= Vine Street (TV series) =

Vine Street, considered the first American television soap opera, was first broadcast on 15 April 1938 by W6XAO in Los Angeles, as a daily 15-minute serial, and was listed as a comedy-drama. The storyline involved Hollywood life on the lowest rungs of the "ladder" to success. The light humor drama shows the struggles to make it big in Tinsel Town. The stars were Broadway and radio character actors John Barkeley and Shirley Thomas, neither of whom appeared on television again. The writers, Maurice Ashley and Wilfred Pettit, were brought in from the radio networks to experiment in this new medium.

==Firsts==
While Germany, England and the United States were all attempting to produce television programming in 1935, America did not create any type of regularly scheduled programming until 1939, and offered the public such pioneers as the children's show Kukla, Fran and Ollie, Betty White and programs featuring Eddie Albert, who became one of the first television actors in 1935. Vine Street apparently lasted for less than a year. The birthplace of television was in Schenectady, New York in 1928; however, as fast as it was maturing in New York, it was also becoming a powerhouse in California.

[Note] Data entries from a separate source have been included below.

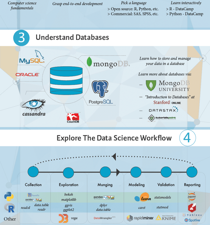 Our friends over at DataCamp have produced the “Become a Data Scientist in 8 Steps” infographic providing a view of the eight steps that you need to to through to learn data science. Some of these eight steps will be easier for some than for others, depending on background and personal experience, among other factors.
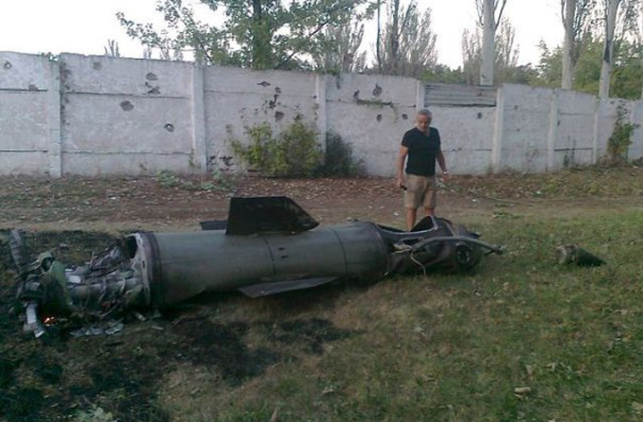 ДНР и ЛНР, новсти на 05.09.2014: уничтожено место, где был установлен ТРК «Точка-У» и с которого велся обстрел. Именно такой снаряд – баллистическая ракета прилетел в Харцызск (см.фото ниже).
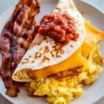 - Add Fillings: On the bottom left quadrant of the tortilla, spread the scrambled eggs. On the bottom right, place the crispy hash browns. On the top right, add the cooked bacon or sausage pieces, if using. On the top left, sprinkle the shredded cheddar cheese. Spoon salsa over your preferred fillings as desired.
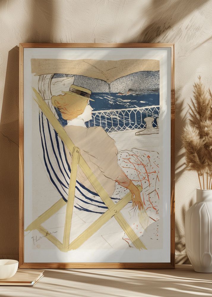Upptäck en stilfull poster som fångar essensen av en avkopplande dag vid havet. Motivet visar en person i en solstol med ryggen vänd mot betraktaren, vilket ger en känsla av lugn och introspektion. Denna print är perfekt för att skapa en sofistikerad atmosfär i alla rum, samtidigt som den bjuder in till drömmar om havsbrisen.
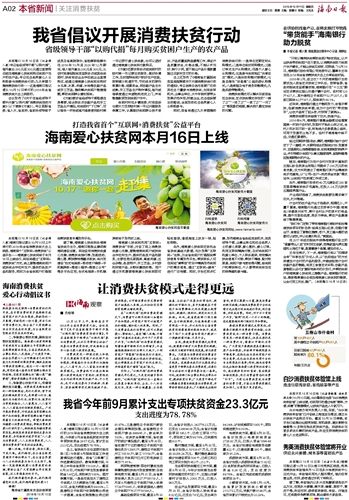 海南日报 本省新闻关注消费扶贫 002 2018-10-111 2018年10月11日 星期四
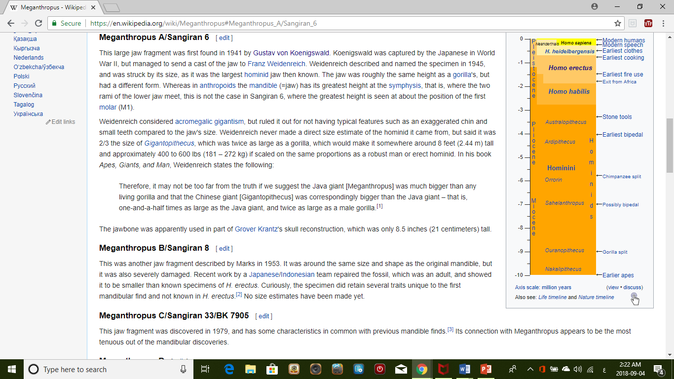 و هناك حفرية لفك تعرف باسم Meganthropus A اكتشفت أثناء الحرب العالمية الثانية يفترض أنها تنتمى لسلالة الإنسان المنتصب Homo erectus يقدر طول صاحبها ب 2 متر و 44 سم و كان هناك شك أن هذا الطول المبالغ فيه لمرض بالغدة النخامية يعرف باسم Gigantism يؤدى إلى زيادة الطول و لكن لا يوجد آثار أخرى بالفك تدل على الإصابة بهذا المرض مما يدل على أن هذا هو الطول الطبيعى لهذا الإنسان https://en.wikipedia.org/wiki/Megant...s_A/Sangiran_6 |
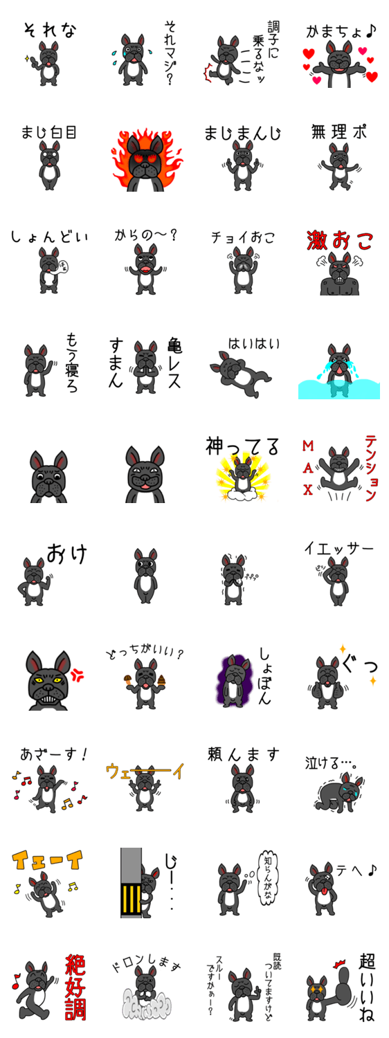 色んな表情をしたフレンチブル。今風の言葉でまとめてみました。今風ですが老若男女どなたでもお使いいただけます。

Audiences were already accustomed to continuing story serials from the radio, but this was the first attempt on television. The term "soap opera" came about since many soap and cleaning product companies started trying to reach the many housewives who were home to listen these programs which normally aired in the afternoons. The Oxford English Dictionarys citation for the phrase dates its first appearance in print to 1938.